Singapore-based Wilmar International Ltd’s new headquarters is certainly a masterwork of green design and sustainability incorporated in every aspect of its architecture. Conceived by London-based Eric Parry Architects, the construction is one of the numerous buildings in Singapore that merges architecture and verdure for a more biophilic kind of living. This is in line with the desires of Lee Kuan Yew, the founding father of modern Singapore, who was the brains behind the city-state’s plan to become a garden city.
Wilmar is an investment holding company, that engages in the processing, merchandising, and distribution of agricultural products, and it certainly would be fitting that it incorporates green elements in its architecture. This is where Eric Parry Architects came into the picture.
A Sustainable Building That Merges With, and Enhances Its Surroundings
The architects design and create people-focused, sustainable buildings that enhance their surroundings. Their architecture, they say, engages with its context and interacts with its environs to create delight, and enjoyment, and enhance the well-being of its inhabitants.
It does this by taking a holistic, sustainable approach and focusing on the building fabric, site considerations, energy use, and green technologies. Wilmar’s headquarters entails a business park development located at Singapore’s Biopolis precinct. It is a seven-story building that consists of research and development (R&D) labs and two basement levels.
The development also has a public thoroughfare between Biopolis Road and One North Park. In the headquarters’ development design brief, Wilmar aspired to build a nature-inspired building that references terraced paddy fields and incorporates an organic façade design. The higher stories that consist of the labs sit above the thoroughfare and are held up by a sort of a ‘pebble’, a ‘basket’, and eight tree columns, while the terraced form at each level of the building allows for expansive landscaping to improve the working spaces internally.
With regard to the design brief, this is just what the London-based architects delivered - a structure that incorporates (and merges with) as much nature and sustainability as is deemed requisite.
Incorporates Different Features That Are the Hallmarks of Green Buildings
The structure combines all the elements of nature, signature architecture, and public space to create a landmark headquarters building that offers world-class laboratories and office space. It is a building that is in an organic form characterized by tiered landscape terraces which provide a garden aspect to each of its office levels.
Its façade design incorporates ribbons of glass that bring the inhabitants a 360-degree view of the surroundings.
Eric Parry Architects:
"Landscape flows both above and beneath the building's seven stories, with a new garden square created by raising the main body of the building as well as a cascade of garden terraces that provide a continuation of the parkland environment up and over the building's roof."
The building also adheres to its tropical climate conditions with its passive cooling effects through the continuous projecting fins that adorn each office floor.

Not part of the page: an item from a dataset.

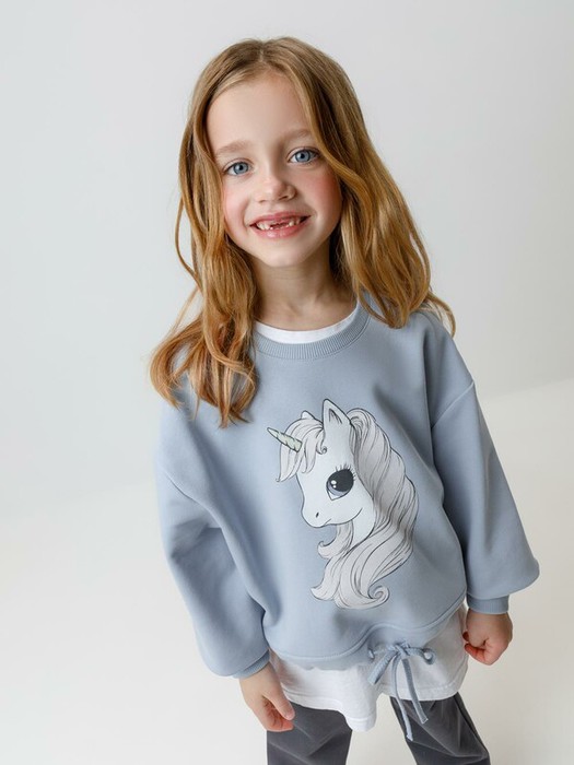 Свитшот для девочки из мягкого петельчатого футера трёхнитки. В составе 80% натурального хлопка и 20% полиэстера, при этом полиэстер ввязан внутрь по особой технологии и не соприкасается с кожей. Застёгивается на кнопки в размерах 92 и 98. Пояс регулируется по ширине с помощью шнурка. На рукавах эластичные манжеты. Оригинальный принт выполнен из стойких текстильных гипоаллергенных красителей. Изделие сохраняет цвет и форму после многократных стирок. Все трикотажные полотна производятся в соответствии с нормами швейцарского сертификата ЭкоТекс.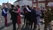 ARMED FORCES: VE Day 70th anniversary celebrations; WALES: Cardiff:EXTGVs Couples, some dressed in 1945 style, dancing at street party

These terracotta fins provide shade to the façade hence reducing solar glare while also protecting it from tropical downpours. The fins are manufactured without harsh pollutants and are 100 percent recyclable, according to Eric Parry Architects.
In addition, the central public thoroughfare linking the public park has tree-like steel structural columns lining both sides of the passage, while the south main entrance façade uses natural anodized curved aluminum panels to create a gentle pebble-like sculptural object.
Eric Parry Architects:
"The result is a building that gently floats above the landscape providing a ground experience that is in harmony with its surroundings. The landscape design promotes biological diversity of ecosystems, habitats, and biomes and butterfly conservation has been encouraged through the enhancement of habitats and planting."
The architects also indicate that the tree density of the site was increased by 70 percent in the course of its development.
A Step Towards the Green City Vision
Singapore’s Garden City vision included the creation of national and community parks and initiatives for tree planting. It is within this setting that exists this lush greenery-filled space upon which the new 20,000 square meters of office space featuring amenities including an extensive research laboratory, auditorium, a staff cafeteria, café, gym, and a jogging track on the rooftop is nestled. It also features plant-growing areas, and garden terraces as well as a central garden underneath a skylight.
In line with the Green City concept and being a 'city in a garden', the Wilmar office block project delivers a precise strategy for the future of green and tropical office architecture replicable for other similar developments anywhere across the world.
Additionally, according to the architects, it is Singapore's heavy rainfall that led to the use of covered walkways around buildings. This was in order to protect pedestrians from both the extreme sunshine and the rain. The design, accordingly, has walkways around its perimeter on each level. These are sheltered by the overhanging fins of the office floors.
With all these features and others including energy efficiency, the building has already achieved numerous recognitions including the Green Mark Gold Plus for its energy usage, and others.
Such biophilic designs are definitely the way to go for a greener urban future.